AI visual analytics models combine the capabilities of LLM to generate interactive, intuitive, and common models for interaction designers, visual designers, and product designers based on user needs, such as user journey maps, user portraits, and so on. At the same time, it also meets the common analysis models such as business canvas and SWOT analysis required by product managers. The effect is as follows:

AI-oriented programming: Explore visual analysis models

Functional analysis and disassembly

Implementation ideas

From the user's point of view, this requirement consists of the following stages:

As you can see from the above flow, the whole process requires two conversations with LLM:

The first call for template filtering is very simple for LLM, just write a simple prompt.
The second call is to produce template data, which is the most critical step. So how is this template data produced?

Ideal AI

The ideal AI is, of course, to write prompts, directly output the design draft data through LLM, and then create the design draft in the graphics editor through the graphical data parser. According to this idea, it can be done in the following steps:

Learn about design draft data formats
Let LLM learn from the design data
Write a prompt for each model and let LLM produce the design draft data
Parse the design document data through the graphical data parser and insert it into the graphical editor

Learn about design draft data formats

Select Figma as the graphical editor. So understand the data structure of the Figma design draft. We can get the source data of Figma design drafts from this website Figma API Live. You can see that the data of a design draft is very complex. Contains: hierarchical relationships, coordinates, matrix, padding, text, borders, etc. Such a simple artboard design has a data of 6.8k. Because LLM has a maximum return token limit. So this idea proved unworkable from the first step.

AI in reality

The picture above is a comparison from the design draft of the user portrait model to the final product. It can be seen that the basic outline of the design draft will not change during the whole process, only the creation of sticky notes and the change of text in specific blocks. Going back to the essence of this requirement, it is actually the replacement of LLM output text to the design Chinese.

Final idea

Only the structured text output by LLM needs to be utilized, and the text of the design document is replaced. According to this idea, it can be done in the following steps:

Design draft data for a single model
Defines the data structure of the LLM text output for the model
Combine LLM text data structures and design draft data to produce design draft data
Write a parser, parse design document data, insert it into a graphical editor

Prompt word development

As mentioned above, there will be two conversations with LLM throughout the requirement, and LLM-related conversations Prompt debugging is an essential part. In the AIGC era, becoming a Prompt engineer seemed like an inevitable fate.

Model recommendations

The model recommendation is relatively simple, and the Prompt is as follows:

我想让你做一个模版推荐，我会把你精通的模版都告诉你，请你根据我输入的问题给我推荐适合的模版。你现在精通：用户旅程地图、用户画像、精益画布、用户故事、SWOT分析、干系人地图。推荐模板要求：1.如果问题内含有模板相关的词汇，请优先推荐对应模板。2.如果没有适合的模板，请回复：暂无适合的模板。3.推荐模板最多5个，最少1个，按推荐优先级排序。注意：只要推荐模板名称，不要回答问题，也不要对模板进行解释。

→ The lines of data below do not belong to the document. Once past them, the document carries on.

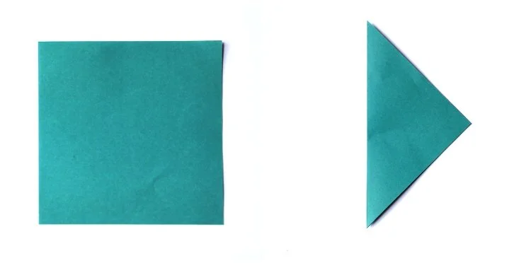 1. Take your green origami paper and fold it in half across the diagonal.
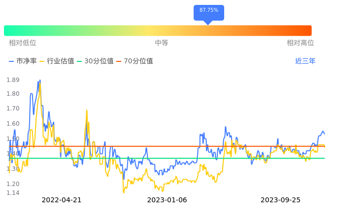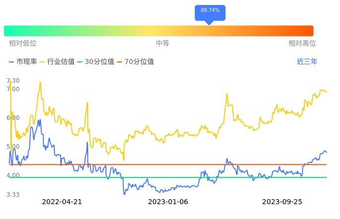 2023年09月26日,中国海油上涨0.20%收于20.48,今日成交金额6.94亿元。下文将从市盈率PETTM、市净率PB、市现率3个角度去分析公司估值情况。
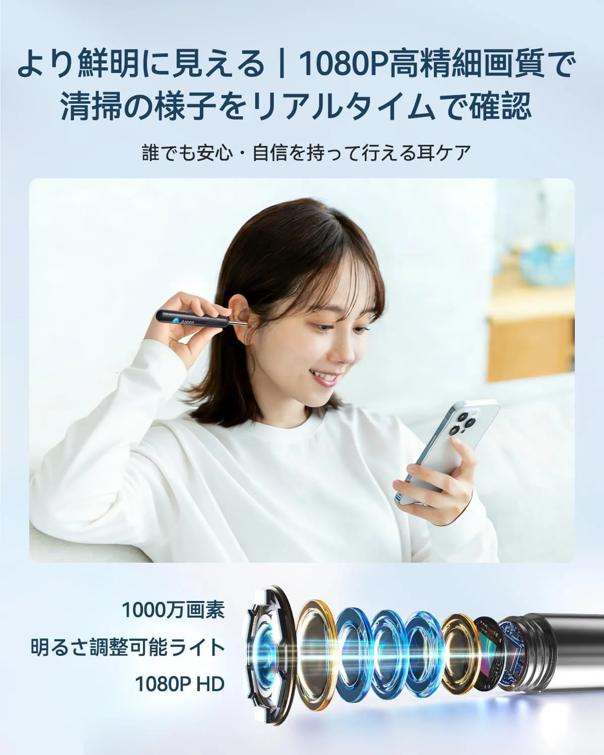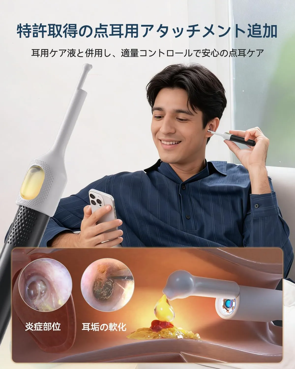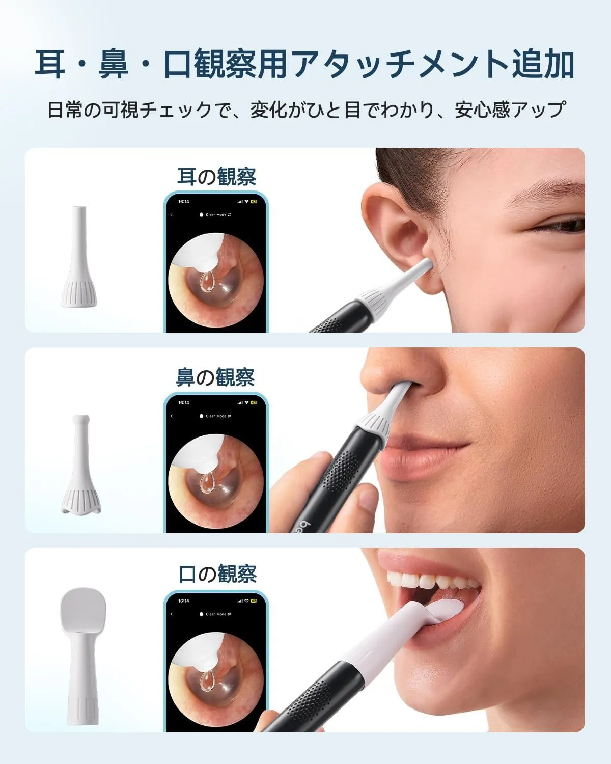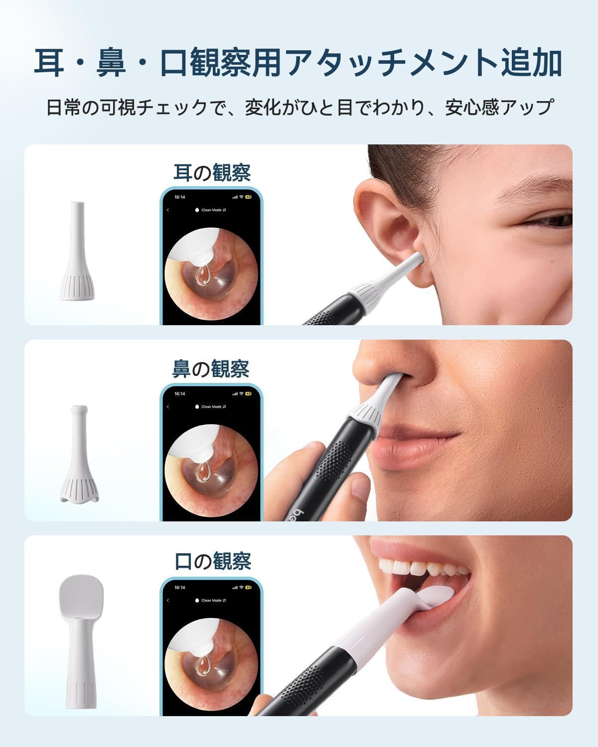 【充実の付属品で多様なニーズに応える】 乾性・湿性両方の耳垢に対応した豊富な耳かき先端に加え、耳・鼻・口の観察用アタッチメント、専用ピンセット、点薬サポートツールを同梱。あらゆる使用シーンとユーザーの多様な要求にお応えします。
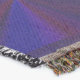 A quality printed throw has its advantages. This is a much finer weave throw than its loopier cousins, and though lighter, it is worth the investment for custom room accessorizing. The back is much prettier than the typical brown, and the fringe on the long sides very vivid, the selvage nicely done. Before photographing, I washed the throw in cold water, delicate, with a thicker woven throw the same size. On tumble dry low, this throw was dry in half the time as the other. This is a very practical quality if you use throws for furniture covers or to wrap up in frequently. The sleekness of the fabric makes it a great layer for accenting or protecting without the feeling of sitting on too much stuff. Perfect for napping or when you feel a light chill coming on. The color printing is beautiful and on this fabric, matched the design and color of my Photoshop image. This is an advantage for blending room fabrics and colors. The fringe on the short sides prints the colors from the design image and therefore varies from the side fringe. I streaked a white fractal line through the plaid pattern to give the illusion of weaving. This printed as crisp as an illusory thread, and put some white in the short side fringe, showing another advantage of print vs loomed- for artistic purposes, line lines, detail, and color integrity can be planned and preserved. My loomed throws have color limitations and more of a needlepoint texture. Print throws reproduce an exact image. The throw felt a little stiff straight out of the package, but this went away in the first delicate wash. Of course I searched the wash water for ink or bleeding and there was none.

You only need to use regular extraction for the text output by LLM.

export const getRecommends = (txt) => {
  return txt.match(/(用户旅程地图|用户画像|精益画布|用户故事|SWOT分析|干系人地图)/g);
};

The structured text of the model

The above is based on the conversation between the product students and LLM when they are prompting them to conduct demand research, you can see that LLM can generate structured data, so how to parse these data?

Try letting LLM output JSON data directly

As you can see from the image above, just tell LLM a fixed JSON output format. Then the defined JSON data format can be generated in the dialog, and the JSON only needs to be extracted through regular extraction.

export const parseGptJson = (txt) => {
  const data = txt.match(/'([^']*)'/g); // 提取json字符串片段
  const res = JSON.parse(txt);
}

However, the following problems were also found during the development process:

Although structured data can be generated, the overall generated result content is still somewhat "general", the quality of the data is not high, and the value for user reference is not great.
The data output by LLM is not stable enough, and the error rate by adding JSON.parse to regular extraction is high.
LLM takes a long time to output complete data and requires a long wait time, which can cause user waiting anxiety.

Prompt word enhancement

During the exploration, the prompt words were tweaked several times, and it was never possible to produce stable, high-quality content. Prompt words for Lean Canvas:

你现在是一个创业专家，能够熟练的使用精益画布，精益画布分成：1.问题&用户痛点。2.用户细分。3.独特卖点。4.解决方案。5.渠道。6.关键指标。7.竞争壁垒。8.成本结构。9.收入分析。现在有用户向你询问如何进行创业，你需要用精益画布的方式分点（不少于4个点）给出解答，解答内容务必非常详细。固定回答格式如下：xxx

In order to improve stability, the following measures have been taken:

Various qualifiers such as as detailed as possible, no less than 4 per point, and so on.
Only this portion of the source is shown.